-- EXERCISE DETAILS --
Write out the lines below exactly, beginning at the one with "3. EC2页面,停止EC2,可以看到邮箱收到的邮件" and stopping after the one with "A Praia da Vieira, no"; the pictures are not copied.

━━━ RECORDED INFORMATION ━━━

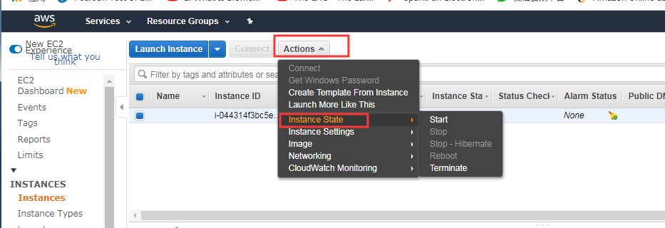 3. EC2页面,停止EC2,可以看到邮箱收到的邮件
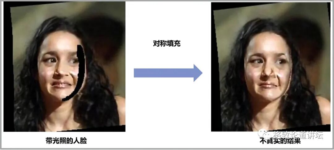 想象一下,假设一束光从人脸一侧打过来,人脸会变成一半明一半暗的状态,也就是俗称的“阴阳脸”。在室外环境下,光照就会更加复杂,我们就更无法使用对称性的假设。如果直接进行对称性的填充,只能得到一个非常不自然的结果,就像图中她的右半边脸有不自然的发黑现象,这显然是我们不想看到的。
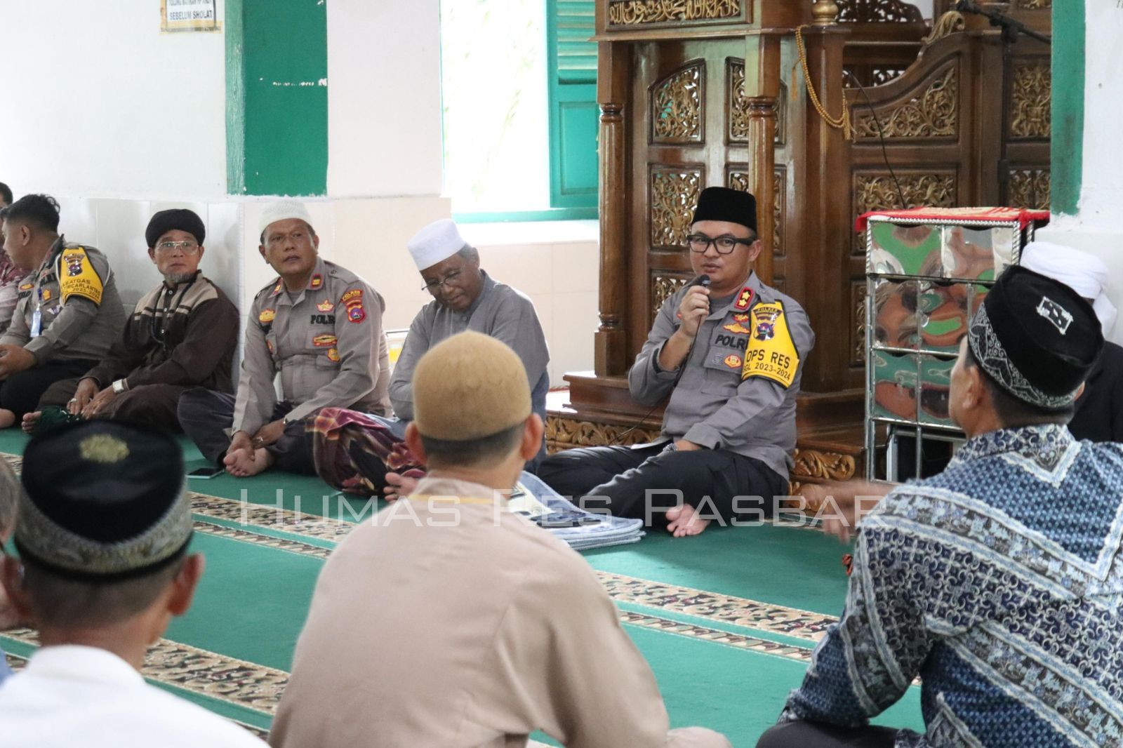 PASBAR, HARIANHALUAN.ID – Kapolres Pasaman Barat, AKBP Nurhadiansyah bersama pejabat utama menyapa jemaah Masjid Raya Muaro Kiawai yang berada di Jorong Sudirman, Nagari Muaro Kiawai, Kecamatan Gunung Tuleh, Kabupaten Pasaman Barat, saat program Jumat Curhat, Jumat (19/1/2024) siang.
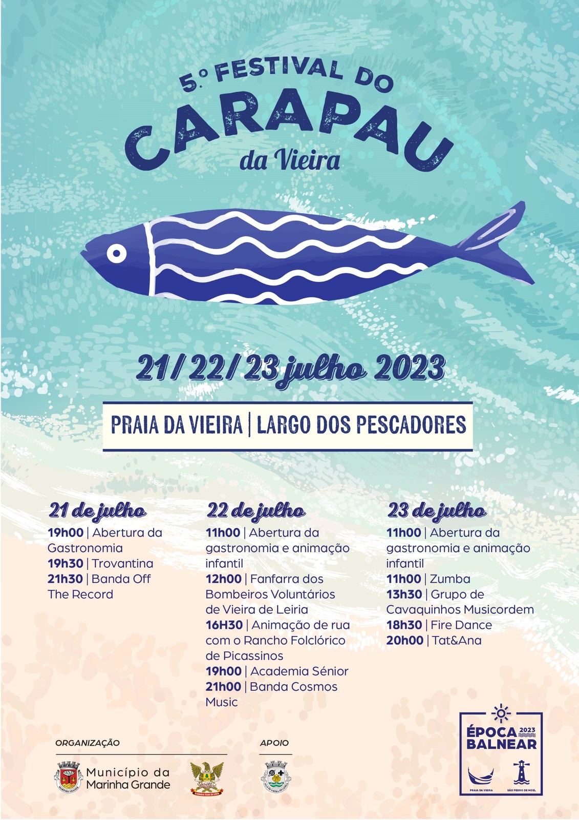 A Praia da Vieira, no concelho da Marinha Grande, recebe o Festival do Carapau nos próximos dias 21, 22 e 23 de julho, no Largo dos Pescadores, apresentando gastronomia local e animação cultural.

━━━
━━━ RECORDED INFORMATION ━━━

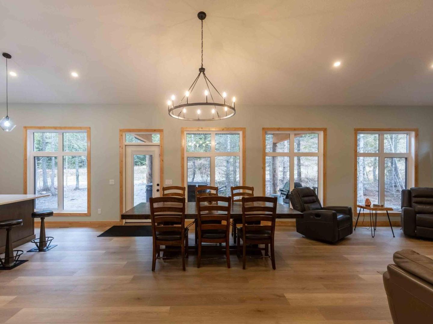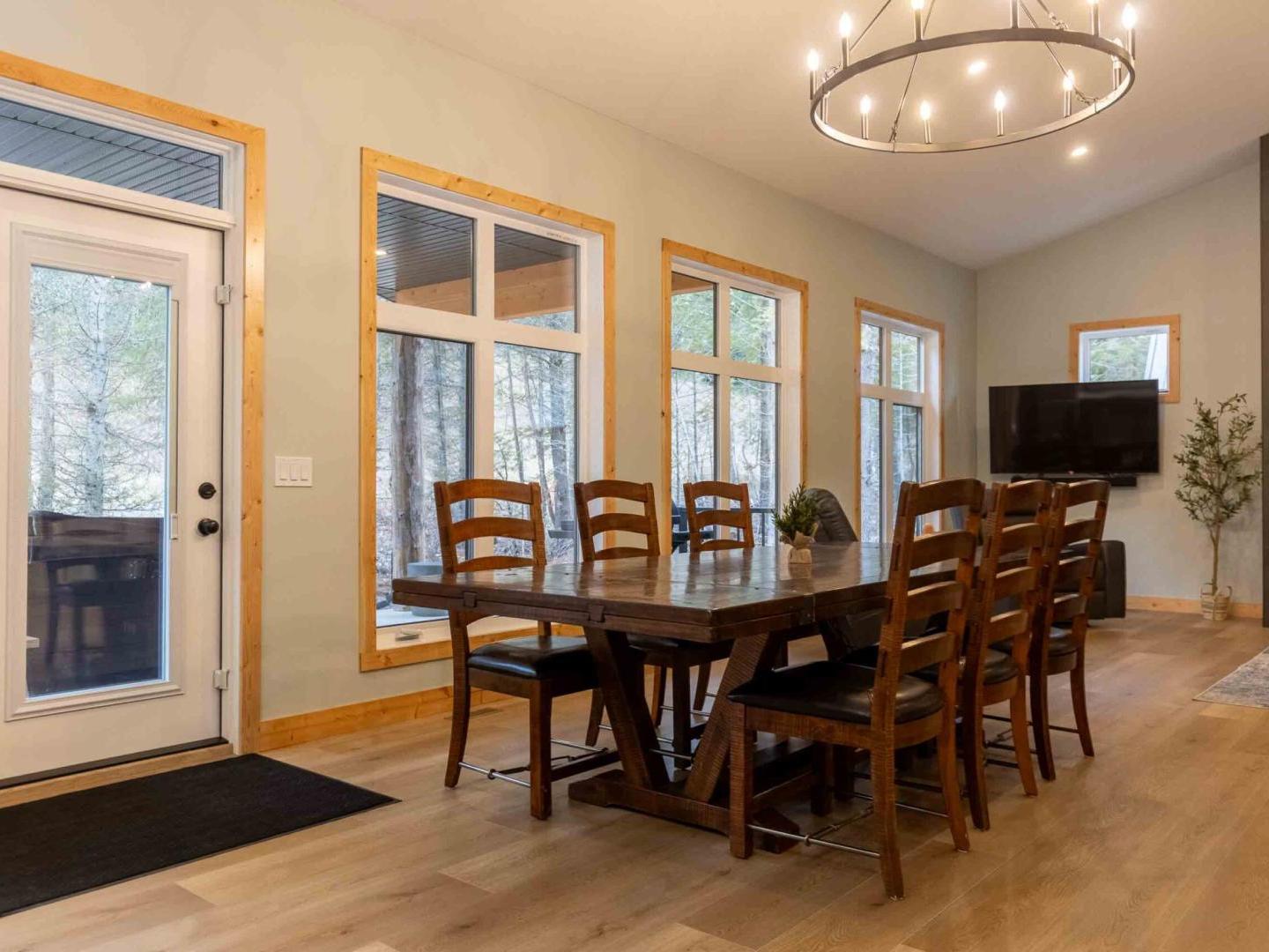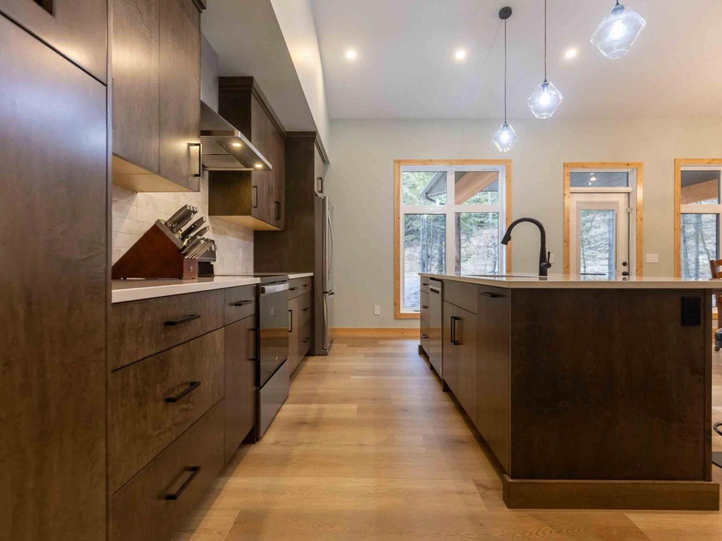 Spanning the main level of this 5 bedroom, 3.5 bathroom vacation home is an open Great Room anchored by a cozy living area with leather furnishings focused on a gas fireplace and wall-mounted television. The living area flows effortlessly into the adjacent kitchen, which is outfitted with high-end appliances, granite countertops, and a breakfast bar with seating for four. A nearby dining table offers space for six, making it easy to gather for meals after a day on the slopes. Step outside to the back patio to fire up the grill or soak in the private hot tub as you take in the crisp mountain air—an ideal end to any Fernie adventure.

━━━

-- SOLUTION FOR THIS PROBLEM --
 3. EC2页面,停止EC2,可以看到邮箱收到的邮件
 想象一下,假设一束光从人脸一侧打过来,人脸会变成一半明一半暗的状态,也就是俗称的“阴阳脸”。在室外环境下,光照就会更加复杂,我们就更无法使用对称性的假设。如果直接进行对称性的填充,只能得到一个非常不自然的结果,就像图中她的右半边脸有不自然的发黑现象,这显然是我们不想看到的。
 PASBAR, HARIANHALUAN.ID – Kapolres Pasaman Barat, AKBP Nurhadiansyah bersama pejabat utama menyapa jemaah Masjid Raya Muaro Kiawai yang berada di Jorong Sudirman, Nagari Muaro Kiawai, Kecamatan Gunung Tuleh, Kabupaten Pasaman Barat, saat program Jumat Curhat, Jumat (19/1/2024) siang.
 A Praia da Vieira, no concelho da Marinha Grande, recebe o Festival do Carapau nos próximos dias 21, 22 e 23 de julho, no Largo dos Pescadores, apresentando gastronomia local e animação cultural.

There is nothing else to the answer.